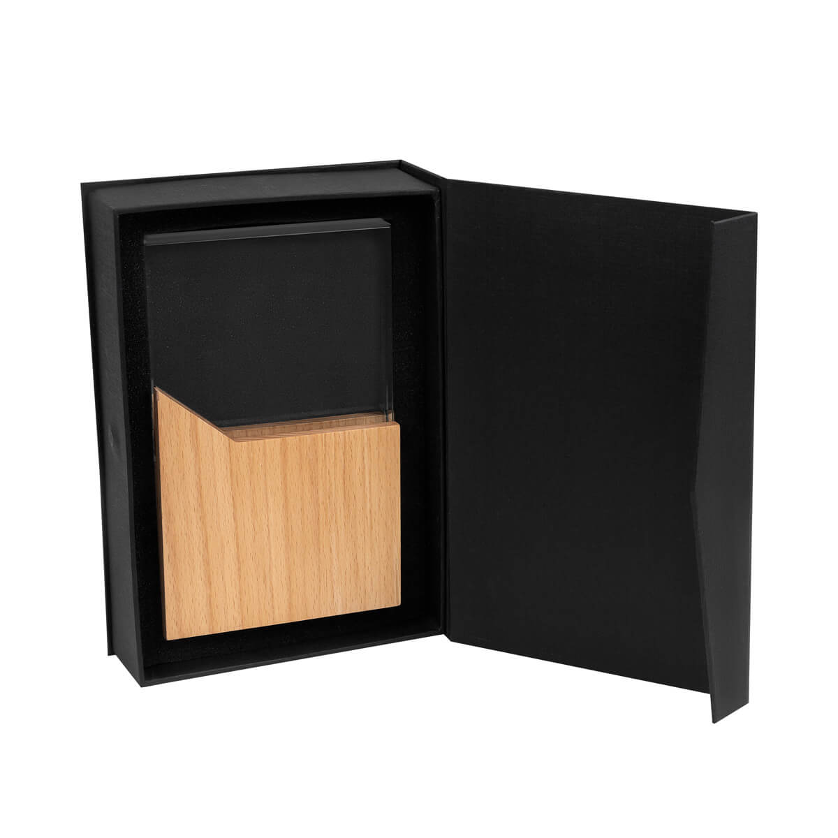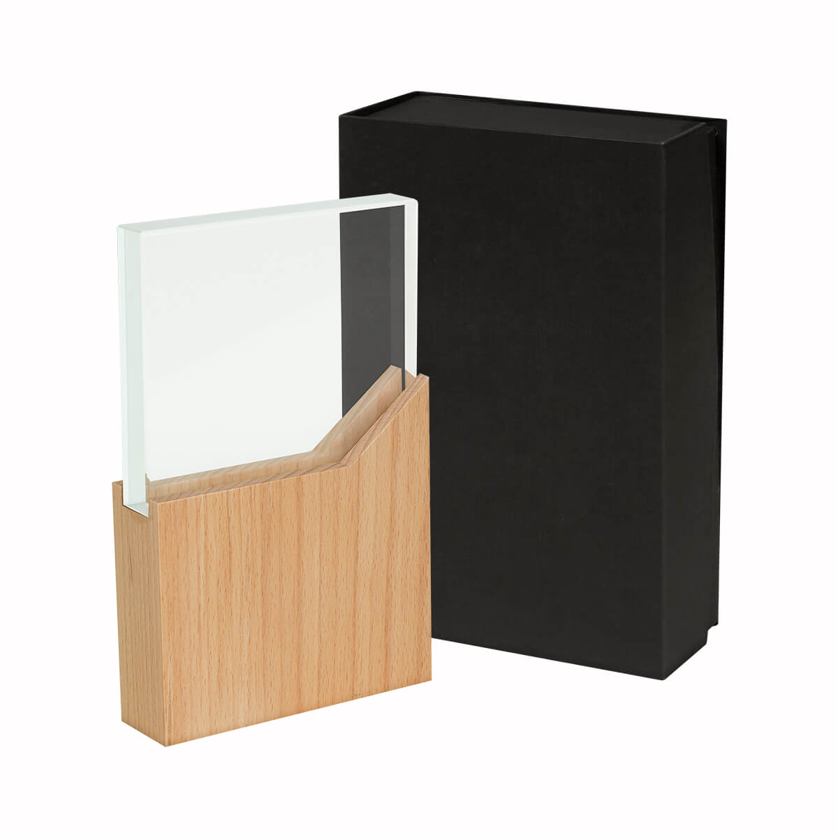 RECONOCIMIENTO LYNOR - Elegante y clásico reconocimiento que combina vidrio y madera de pino. Perfecto para destacar los logros y celebraciones especiales. Incluye caja de regalo con broche imantado para cerrar y esponja interna para protección. La madera es un producto natural el cual puede presentar variaciones en tonalidades y vetas
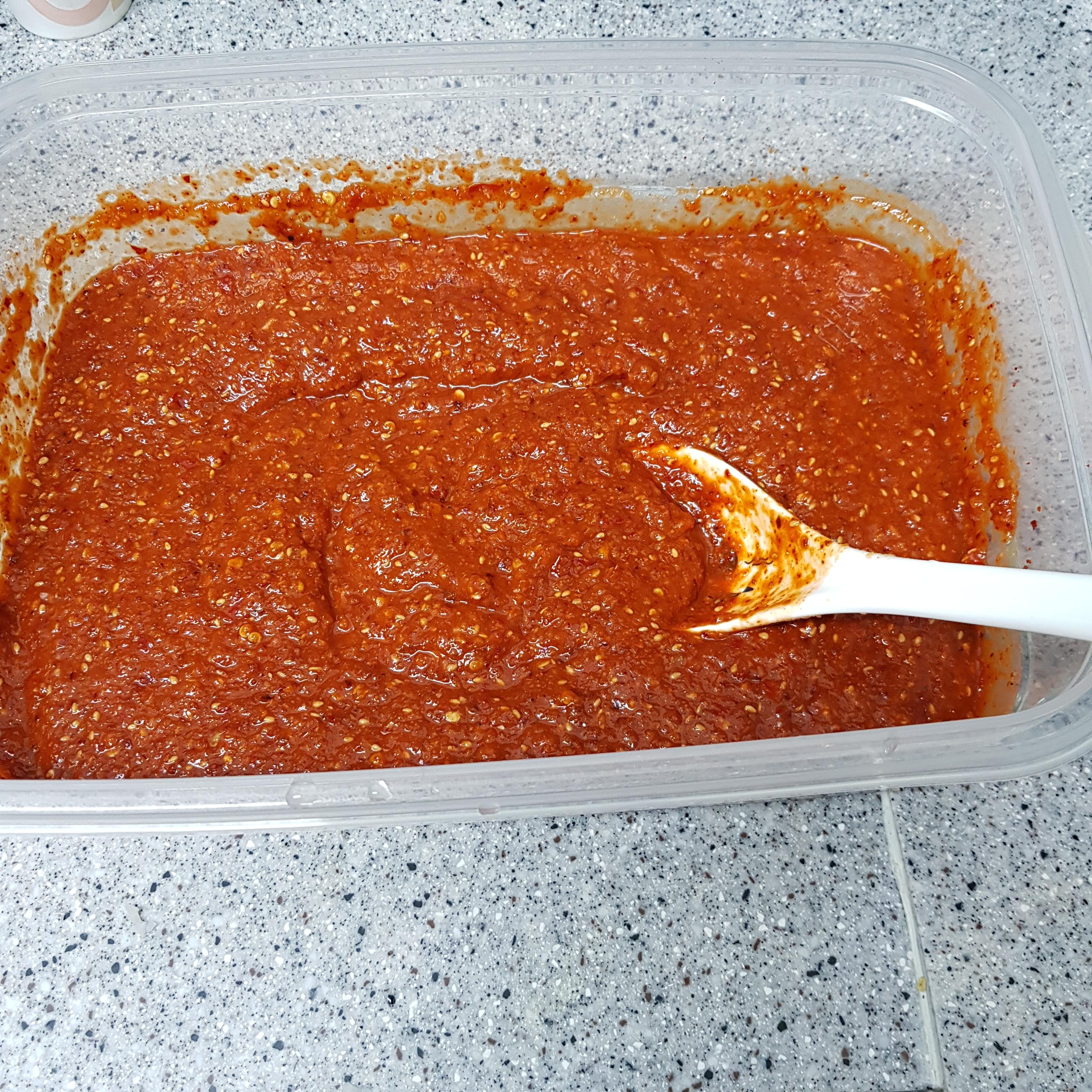 찹쌀풀국 1컵 반, 파프리카 2개, 양파 1개, 배 1/4개, 마늘 220g, 생강 20g, 건고추 15개, 고춧가루 2컵, 새우젓 1컵, 멸치액젓 5큰술, 다시마 육수 1컵(시판용 대체 가능), 매실액 3큰술, 통깨 반컵
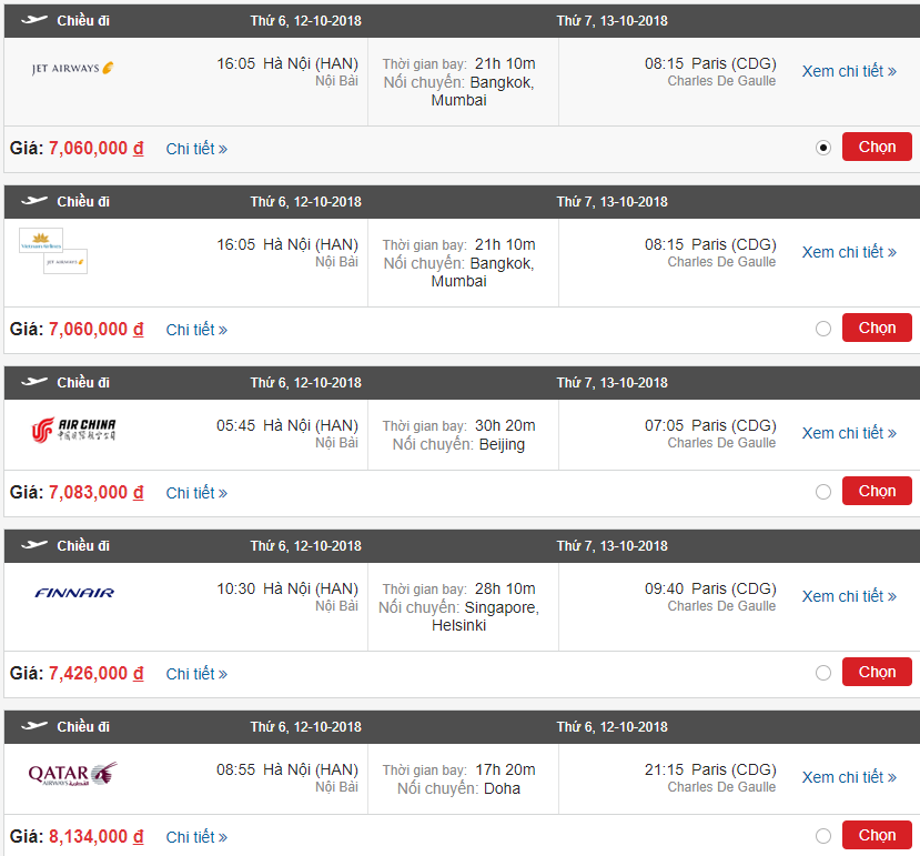 Trong đó chỉ có riêng Paris là có chặng bay thẳng, còn các chuyến bay khác sẽ có từ 1 tới 2 điểm dừng.
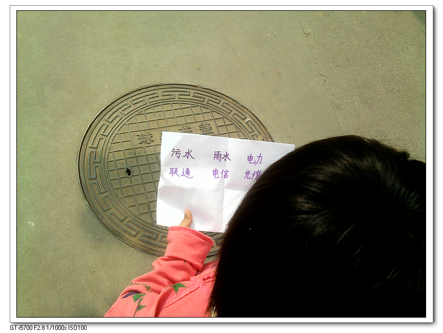 还是上次领着宝宝去参加读书活动的时候,走在路上跟宝宝一路看着井盖,啊,还有方形的呢;看,这个像不像一张脸;嗯,让我们来看看这个上面写着什么?一路上,各单位的井盖不少,给我们增添了一点小小的乐趣。
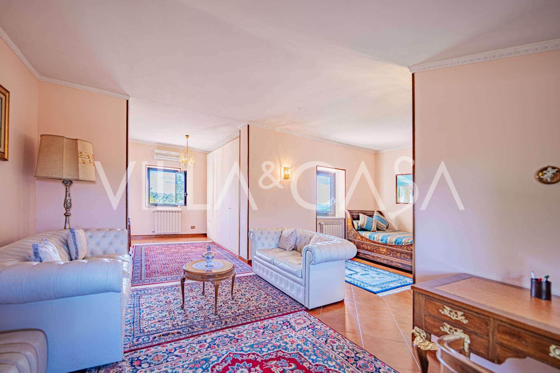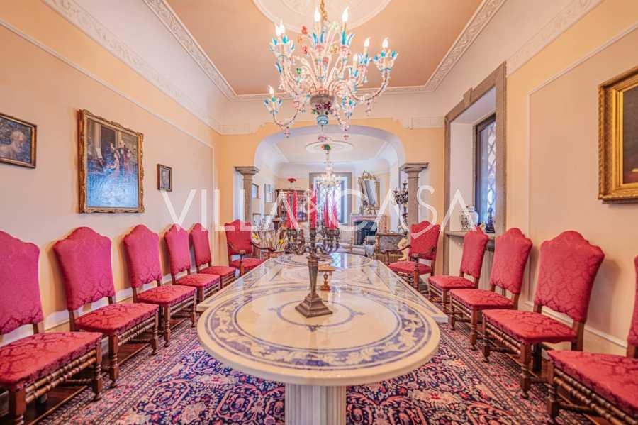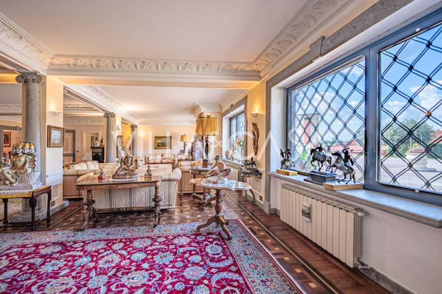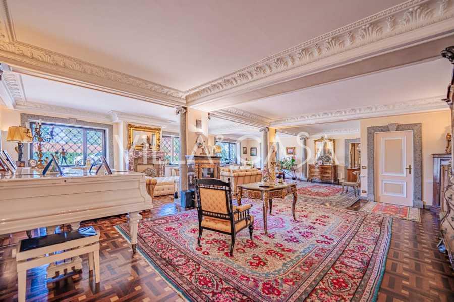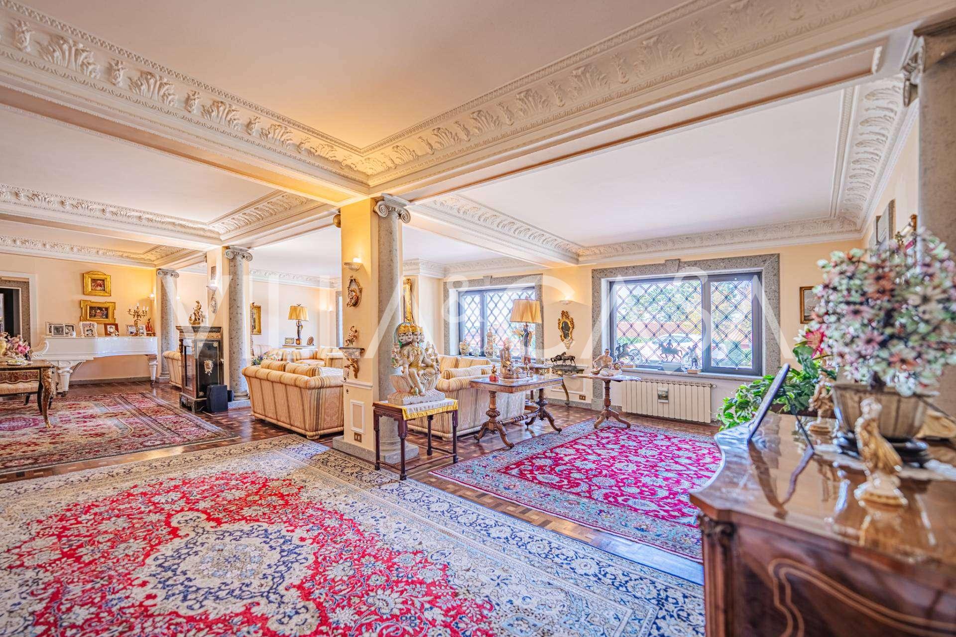 A villa belső terei lenyűgöznek csodálatos ízlésükkel és kifinomult eleganciájukkal, exkluzív részletekkel, értékes anyagokkal és arisztokratikus stílussal. A ház központja egy pompás nappali, amelyet egy nemes rózsaszín márványból készült antik kandalló díszít, és két világos dolgozószoba veszi körül elegáns történelmi kandallókkal, amelyek otthonos és kifinomult hangulatot teremtenek. A tágas ablakok lágy természetes fényt árasztanak, amely visszatükröződik a drága fából készült polírozott parkettán.
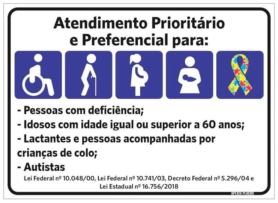 ATENDIMENTO prioritário. Direitos e autismo. 2020. Disponível em: https://www.direitoseautismo.com.br/atendimento-prioritario/. Acesso em: 24 mar. 2024.
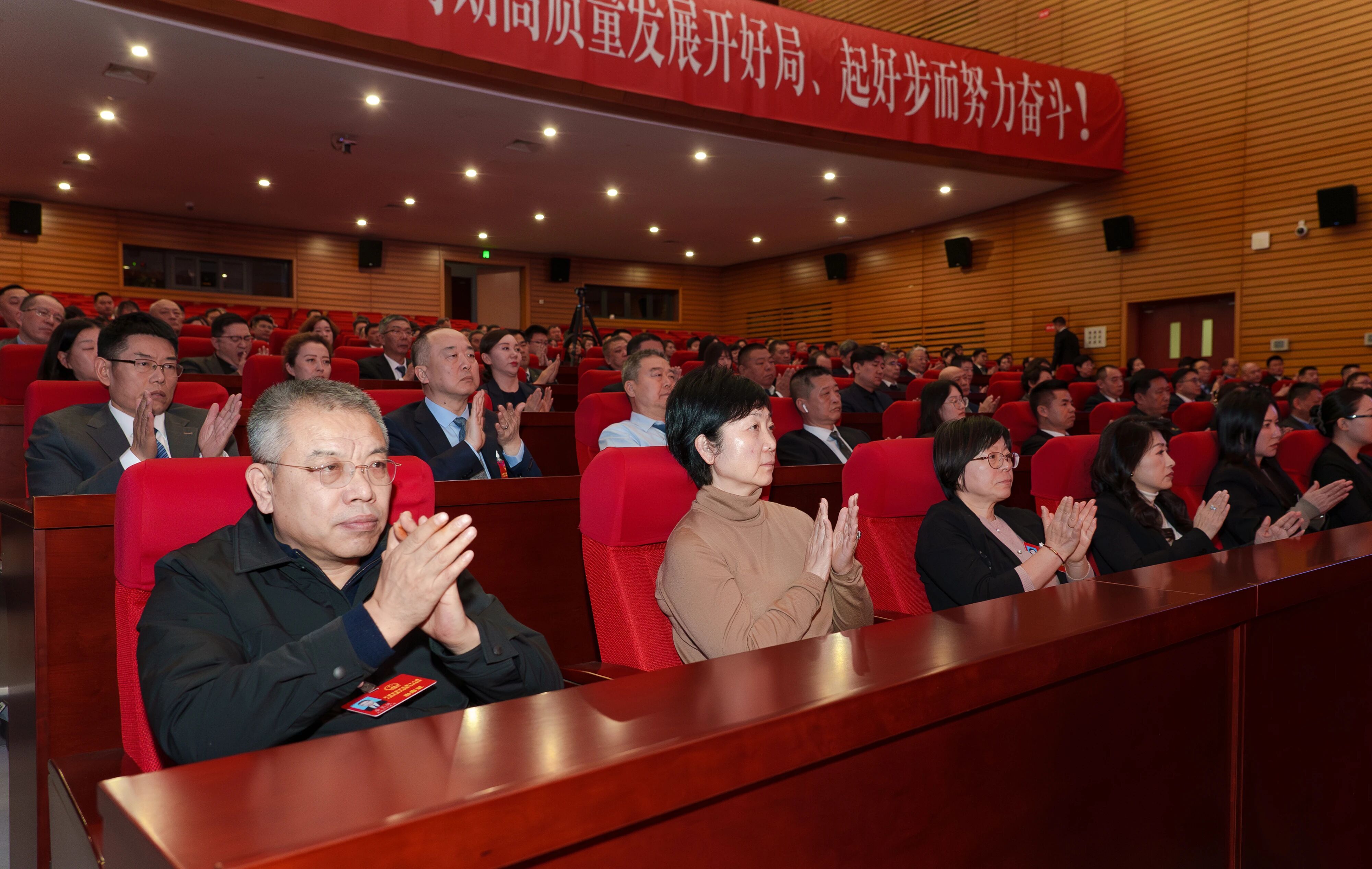 大会执行主席朱玉兵、王冰、孙长顺、李斌、李建国、纪立新、苑庆彬、张志华、丁志安、陈欣、张晓蓓、陈俊伟、岳雯茜、郑忠祥在主席台前排就座。聂伟迅和大会主席团其他成员在主席台就座。

= = = =

Only the lines above starting with the line with "Trong đó chỉ" and going on through the line with "还是上次领着宝宝去参加读书活" belong in the answer; repeat them exactly, minus any picture.

§ Response box
 Trong đó chỉ có riêng Paris là có chặng bay thẳng, còn các chuyến bay khác sẽ có từ 1 tới 2 điểm dừng.
 还是上次领着宝宝去参加读书活动的时候,走在路上跟宝宝一路看着井盖,啊,还有方形的呢;看,这个像不像一张脸;嗯,让我们来看看这个上面写着什么?一路上,各单位的井盖不少,给我们增添了一点小小的乐趣。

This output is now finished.